Неделю Ольга не могла подняться. Она почти ничего не ела, и у неё держалась высокая температура. Отец, приложив к её лбу шершавую ладонь, сказал: «Простудилась, полежи, пройдёт». В институте тоже ничего не узнали. Крашеная блондинка действовала по внушенному ей заданию. Пока в её плане фигурировали лишь отдельные лица. Ольга — первая из них.
Зяблик «обстреливал» друзей Филимонова. Он делал вокруг директора нужный ему, Зяблику, вакуум.

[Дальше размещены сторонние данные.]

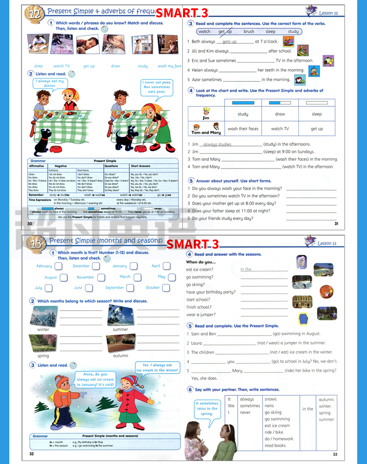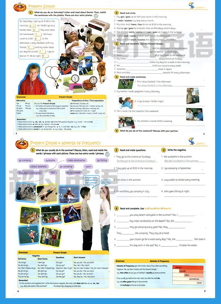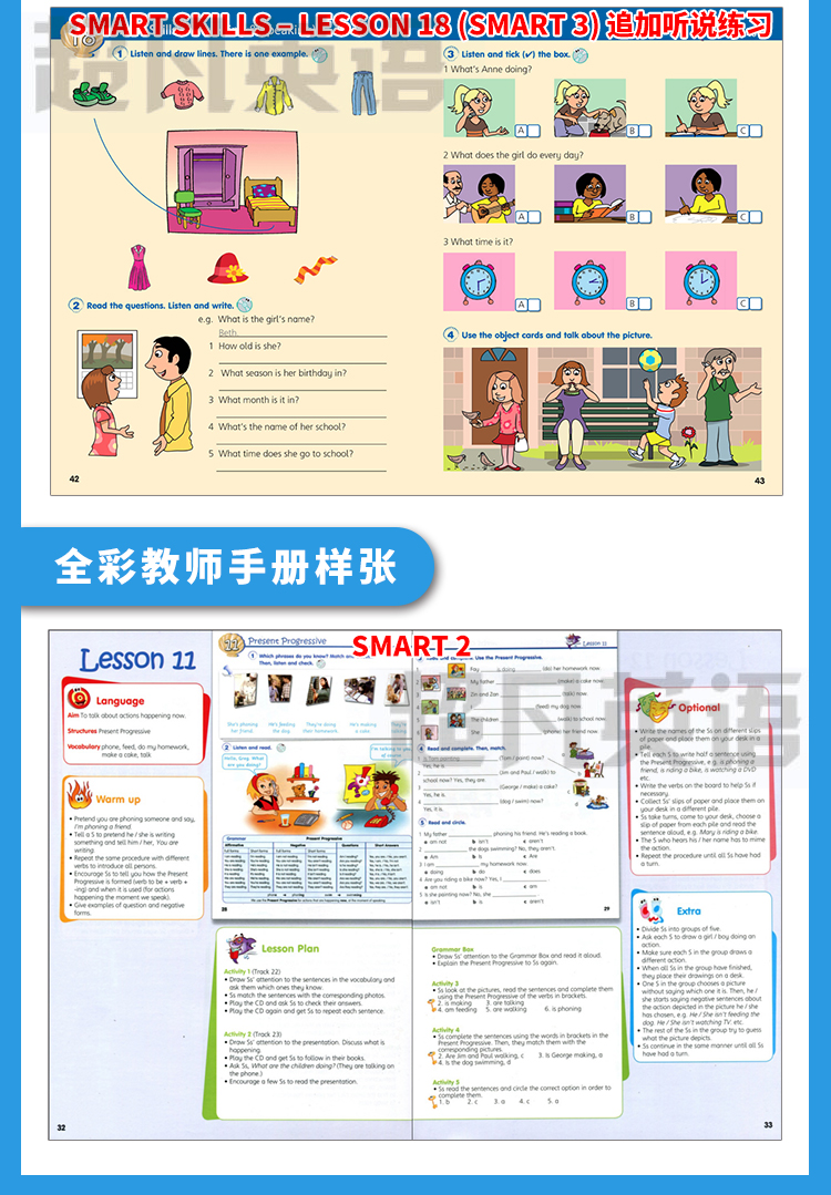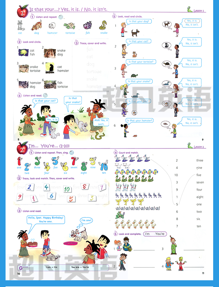 1. 每个语法知识点隐含着一个话题,这样便于孩子积累话题有关的词汇,也重复进行某一语法知识点的训练。

Втайне Зяблик считал себя человеком необыкновенным, натурой недюжинной: стратег, дипломат, мудрец — всё соединялось в нём гармонично и составляло личность колоритную. И он был недалёк от правды.
Со стороны заметим: ко всем этим качествам прибавлялись и другие, не столь основательные, и, соединённые вместе, они порождали такой экземпляр человеческой породы, который ещё не вполне изучен и остаётся загадкой даже для очень умных и учёных людей. В жизни его случались моменты, когда он развивал непостижимую деятельность и за короткое время успевал наворотить гору дел. Даже сам удивлялся: как многое может человек, если он сфокусирует усилия в одну точку.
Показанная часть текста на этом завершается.